我有以下JSON文档，代表员工的信息及其地址-

[
{"id" : 1000, "name" : "dev", "age" : 30, 
     "address" : {"city":"noida","state":"UP","pincode":"201201"}},
{"id" : 1001, "name" : "ravi", "age" : 36, 
     "address" : {"city":"noida","state":"UP","pincode":"201501"}},
{"id" : 1002, "name" : "atul", "age" : 29, 
     "address" : {"city":"indore","state":"MP","pincode":"485201"}}
]

我正在使用SparkSQL读取json文件，并在“年龄”列上应用过滤器（谓词）以仅显示年龄超过29岁的员工。

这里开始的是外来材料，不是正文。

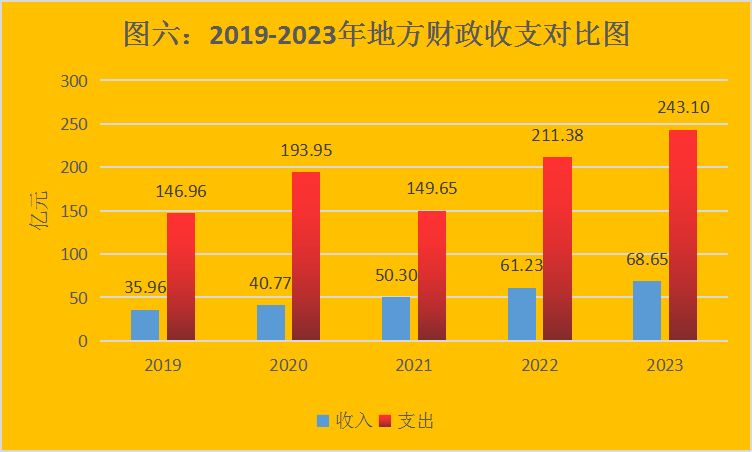 全年地方财政支出243.1亿元,比上年增长14.6%。一般公共预算支出159.58亿元、增长11.6%。其中,一般公共服务支出12.12亿元、下降8.9%;公共安全支出7.24亿元、下降16.1%;教育支出21.09亿元、下降0.7%;科学技术支出2.49亿元、下降1.1%;文化旅游体育与传媒支出3.40亿元、增长12.3%;社会保障和就业支出11.34亿元、增长6.0%;卫生健康支出12.35亿元、增长14.6%;节能环保支出8.15亿元、增长3.8%;城乡社区支出14.02亿元、增长47.5%;农林水支出38.25亿元、增长91.0%;交通运输支出6.85亿元、下降40.4%%;资源勘探信息等支出1.81亿元、下降48.3%;住房保障支出5.63亿元、增长7.6%。政府性基金预算支出83.39亿元、增长20.9%。
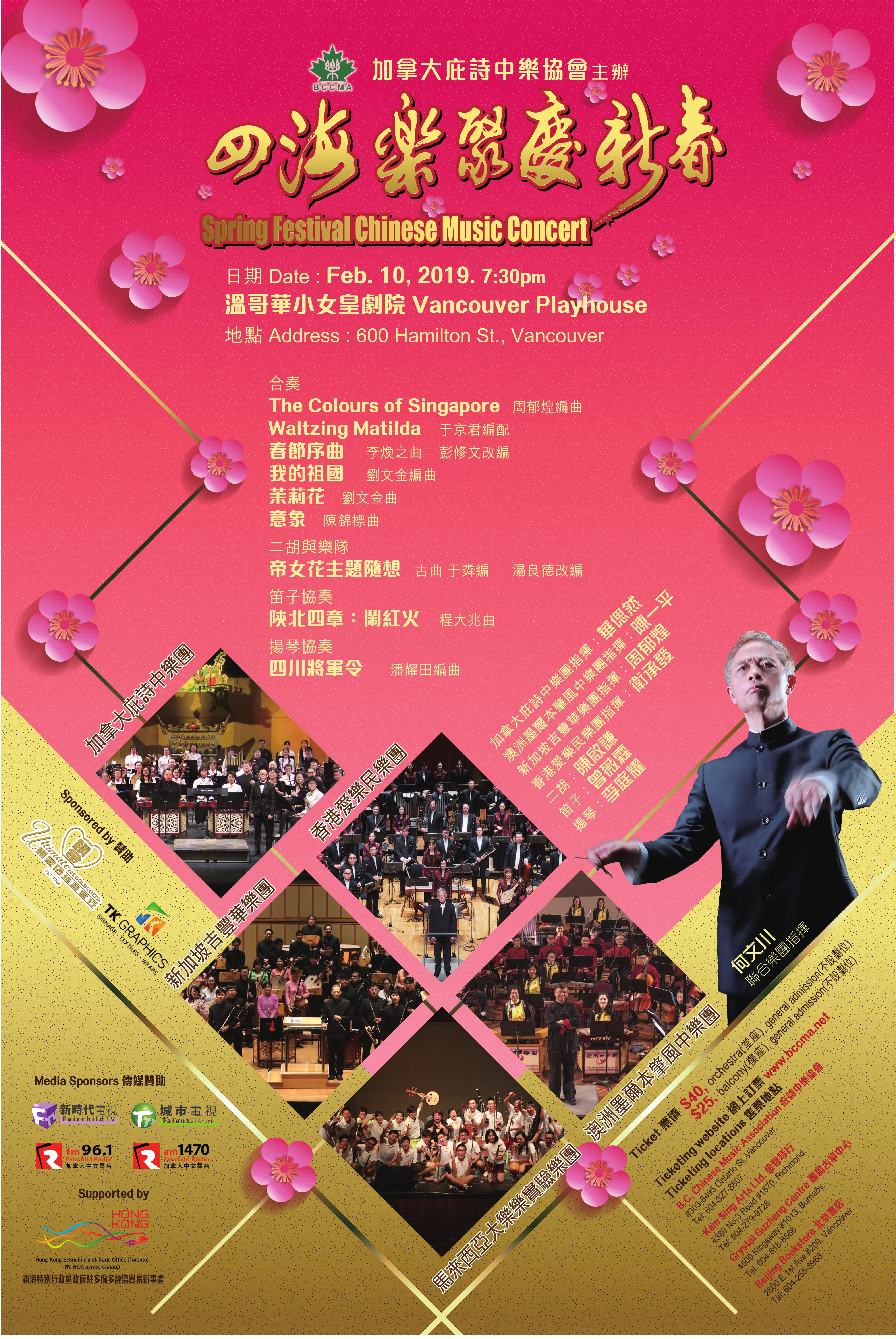 We are very excited to announce that we will be hosting a concert on February 10, 2019, the 6th day of the Chinese New Year. We have invited representatives from different overseas music groups including the Hong Kong Music Lover Chinese Orchestra, Chao Feng Chinese Orchestra from Melbourne, Australia, Keat Hong Chinese Orchestra from Singapore, Vivo Experimental Orchestra from Malaysia to perform together with our members. The joint orchestra with over 70 enthusiastic and talented musicians under conductor master Ho, Man-Chuen, a renowned music educator and conductor, and is currently an instructor at the Hong Kong Academy for Performing Arts and Resident Conductor of the Academy Chinese Orchestra, will perform many popular classical pieces including the well-known “Spring Festival Overture”, ”Princess Chang Ping” and “Jasmine”, the grand and exciting “Sichuan General Commend”, and “My Home Country”, composed by Mr. Liu, Wen-Jin.

 val spark = SparkSession.builder()
  .appName("JsonRead")
  .master("local[*]")
  .getOrCreate()

val emp_df = spark.read
  .option("multiline", true) // since json file having multiline records
  .json(getClass.getResource("/sparksql/employee.json").getPath)

emp_df.printSchema()
/*root
 *  |-- address: struct (nullable = true)
 *  |    |-- city: string (nullable = true)
 *  |    |-- pincode: string (nullable = true)
 *  |    |-- state: string (nullable = true)
 *  |-- age: long (nullable = true)
 *  |-- id: long (nullable = true)
 *  |-- name: string (nullable = true)
 */

//emp_df.show()
import spark.implicits._
val emp_ds = emp_df.as[Employee] // Using encoders to convert dataframe to dataset
emp_ds.filter(_.age > 29).explain(true)

}

case class Employee(id: Long, name: String, age: Long, address: Address)
case class Address(city: String, state: String, pincode: String)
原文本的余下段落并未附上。